Global private credit firms are establishing a significant presence in Saudi Arabia, stepping in to fill a financing void created as the kingdom’s ambitious economic diversification projects drain liquidity from the local banking system. Giants from Goldman Sachs Group to Apollo Global Management are positioning themselves in a market where private credit was almost non-existent just a year ago.
The Strain on Saudi Banking Liquidity
The kingdom’s Vision 2030 plan, designed to reduce its reliance on oil, is consuming vast amounts of capital from local banks. This has limited their capacity to provide financing for other companies and projects, leading to a drop in medium-term loans for the first time in three years last quarter.
“The critical issue remains the tightness in the domestic liquidity with credit demand outstripping deposit growth,” said Monica Malik, chief economist at Abu Dhabi Commercial Bank PJSC. “Competition for deposits will remain strong and access to external borrowing will remain important for banks to raise funding.”
This liquidity squeeze is evident across the market, with some local developers reporting recent loan denials from Saudi lenders. The financing gap is a major topic for executives gathering in Riyadh for the Future Investment Initiative summit, a key event that often mirrors the MENA Investment Congress 2025 concludes in Abu Dhabi with record attendance.
According to Edmond Christou, a Senior Industry Analyst at Bloomberg Intelligence, Gulf banks’ liquidity will be challenged if oil falls below $65 a barrel, particularly as Saudi Arabia requires a price of $113 per barrel to balance its budget.
Private Credit Firms Seize the Opportunity
With traditional lenders constrained, the door has opened for alternative financing. Private credit, now a $1.7 trillion global market, is seen as an essential solution to the kingdom’s funding needs.
“In some cases, banks are even referring deals to us because they’re unable to finance them,” said David Beckett, head of origination and Middle East business development at asset manager SC Lowy. “Private credit, in general, is essential.”
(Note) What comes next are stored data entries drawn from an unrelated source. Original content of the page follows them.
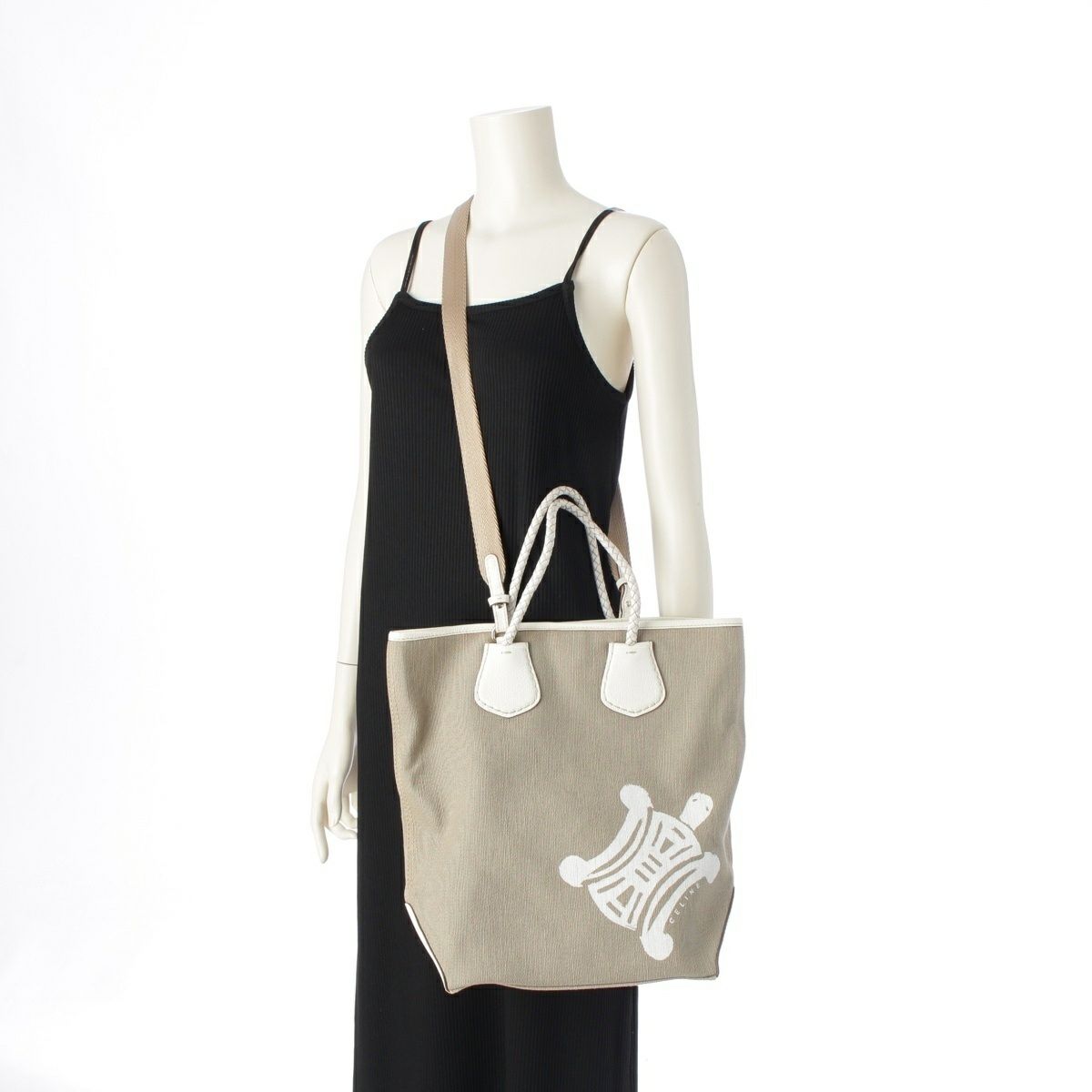 セリーヌ キャンバス×レザー マカダム タートル 2WAY ショルダー トートバッグ ホワイト×ベージュ
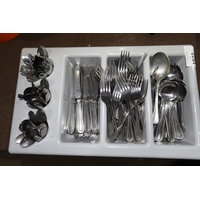 A plastic cutlery tray containing a quantity of various cutlery
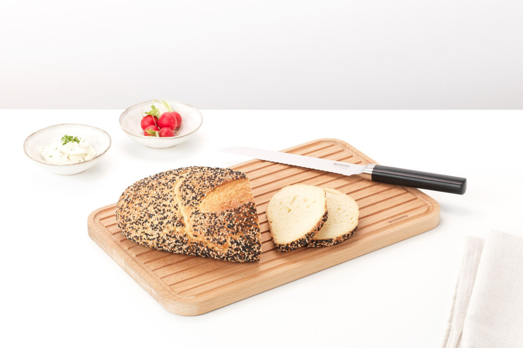 A másik oldal a bemélyedésekkel ellátott vágófelület, amely kifejezetten a kenyérszelésre lett optimalizálva. Ez a kettősség azt jelenti, hogy egyetlen eszköz két különböző szerepet tölt be, így kevesebb tárolóhelyre van szükség, és a konyha rendezettsége is megmarad.

This sentiment is echoed by major financial institutions. “The liquidity constraints and capital situation of the domestic banks create a real opportunity and it’s something that a lot of international banks are looking at,” explained Farouk Soussa, Goldman’s Middle East and North Africa economist.
Global Players Enter the Saudi Market
In response to this demand, major firms are making strategic moves. Goldman Sachs is relocating a top private credit executive from London to the Middle East. The firm’s asset management unit also secured an agreement with Saudi Arabia’s Public Investment Fund to anchor new funds focused on private credit and equity across the Gulf Cooperation Council countries. This trend reflects a broader pattern where entrepreneurs are expanding their business to the UAE and other regional hubs.
Other players are also expanding their regional footprint. Golub Capital and Blue Owl are actively growing in the area, while HSBC-backed Saudi Awwal Bank is planning its first private credit fund for the Middle East.
Marc Pinto, global head of private credit at Moody’s Ratings, noted that private credit is a natural fit for Saudi Arabia’s middle-market companies that cannot access public markets. “There’s a lot of talk about how great financing needs are in Saudi Arabia so I get the sense there are bigger deals coming,” Pinto said. He added that major firms like KKR & Co and Apollo are “sniffing around” to identify where the funding needs are greatest.